Beham: Unter Österreichs Ratsvorsitz fand eine Prioritätensetzung in Bezug auf den Balkan statt. Zudem ist das österreichisch-serbische Verhältnis momentan sehr gut, besonders auf wirtschaftlicher und politischer Ebene. Von daher gesehen hat Österreich einen Impuls gesetzt. Dann gibt es natürlich die andere Seite der Zusammenarbeit der EU mit Belgrad, die wegen der Zusammenarbeit mit Den Haag getrübt ist.

Was das Kosovo selbst anbelangt, so wird die EU als jemand gesehen, der dort die Aufgaben der UNMIK übernimmt und diesen Teil Serbiens unter ihr Protektorat nehmen wird.

derStandard.at: Inwieweit spielen bei den Statusverhandlungen Rohstoffe eine Rolle?

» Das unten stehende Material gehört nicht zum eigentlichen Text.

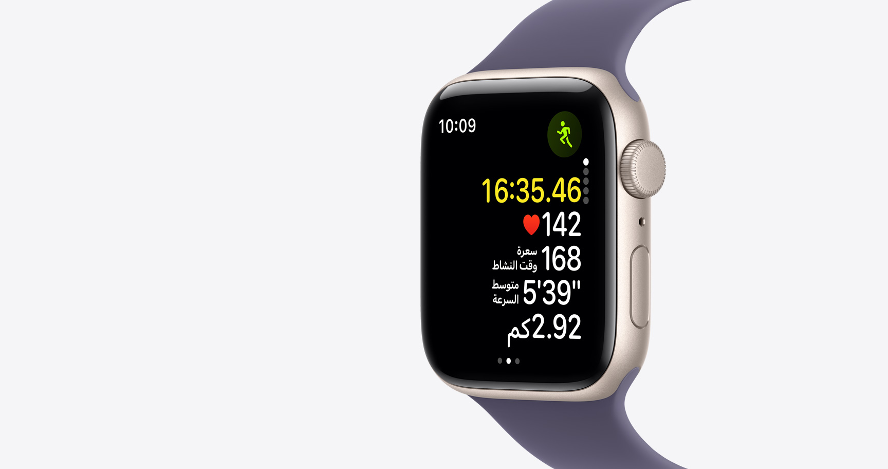 Apple Watch SE 3 هي رفيق دربك المثالي، فهي تستخدم نظام GPS مدمجاً ومستشعرات متطورة لتساعدك على تتبّع المسافة التي اجتزتها وسرعتك ومعدل نبض قلبك. وتوفر لك أيضاً كل القياسات التي قد تحتاج إليها لتُبقي أهداف لياقتك على المسار الصحيح.

Kosovo verfügt ja über die zweitgrößten Braunkohlereserven Europas und über viel Kupfer.

Beham: Die Privatisierungen in Kosovo sind unter der UNMIK auf eine Art und Weise abgewickelt worden, die sowohl in Belgrad als auch unter den Serben in Kosovo zu Protesten geführt hat. Sie waren zum Teil sehr undurchsichtig: man weiß nicht, wer, was, wann und wie bekommen hat. Serbien hat bei den Verhandlungen über das Kosovo eine Revision dieses Privatisierungsprozesses gefordert, zu der es wahrscheinlich nicht kommen wird. Aber es hat auf jeden Fall seine Nicht-Akzeptanz angemeldet.

derStandard.at: Sie haben sich tiefgehend mit der Stereotypisierung von Serben in den westlichen Medien auseinandergesetzt. Die Serben seien Blockierer und Unterdrücker, heitßt es meist. Gibt es hier eine Kontinuität?

Beham: Grundsätzlich ist es schwierig, negative Images in positive umzukehren. Das liegt natürlich auch daran, dass man heute noch immer die Bilder der 90er Jahre im Kopf hat, weil in der Zwischenzeit der Balkan aus dem Brennpunkt der Weltpresse verschwunden ist. In den 90er bekamen die Serben das Image von Schlächtern und Kriegsverbrechern. Man begegnet als Serbin im Westen heute immer noch diesen Vorurteilen. Sie sitzen tief.

derStandard.at: Gehen die Wurzeln dieser Stereotypisierung nicht noch weiter zurück?

Beham: Für mich war es eine frappierende Erkenntnis, Zeitungsberichte aus dem Ersten Weltkrieg und aus den 90er Jahren zu vergleichen. Was Stereotypen und Etikettierungen anbelangt, waren sie zum Teil austauschbar. Diese Klischees haben sich teils bis heute gehalten, teils sind sie neu belebt oder auch neu geschaffen worden.

derStandard.at: Was hat sich, Medien und Krieg betreffend, seit Ihren Analysen über Jugoslawien diesbezüglich verändert?

Beham: Die wenigen Veränderungen sind technologischer Natur, aber das hat an der Berichterstattung der Medien nicht viel geändert. Wenn man jene nach den Merkmalen Feindbildkonstruktion oder Dehumanisierung des Gegners analysiert, sind alle nach wie vor voll wirksam und in ähnlicher Weise wie in den Jugoslawienkriegen und davor zu finden.

derStandard.at: Geht man von ihrer These aus, dass Medien Weichensteller und Wegbegleiter von Kriegen sind, woher kann man dann die Informationen nehmen, wenn man ein halbwegs klares Bild sucht?

Beham: Wenn man sich die Informationen der einen und der anderen Kriegpartei einholt, kann man sich ein ungefähres Bild machen. Wichtig ist eine Berichterstattung, die sich in keine Feindbildkonstruktion, in keine Kriegslogik hineinziehen und alle Seiten, auch anders Denkende, gleichermaßen zu Wort kommen lässt. Man muss viele verschiedene Meinungen zulassen können. Rein technisch gesehen bietet das Internet eine gute Möglichkeit, aber es bedarf eines "pro-aktiven" Zugangs: man muss sich hinsetzen und nach Infos suchen und wissen, wie man damit umgeht. Alles in allem ist die Suche nach einem klaren Bild leider eine sehr schwierige.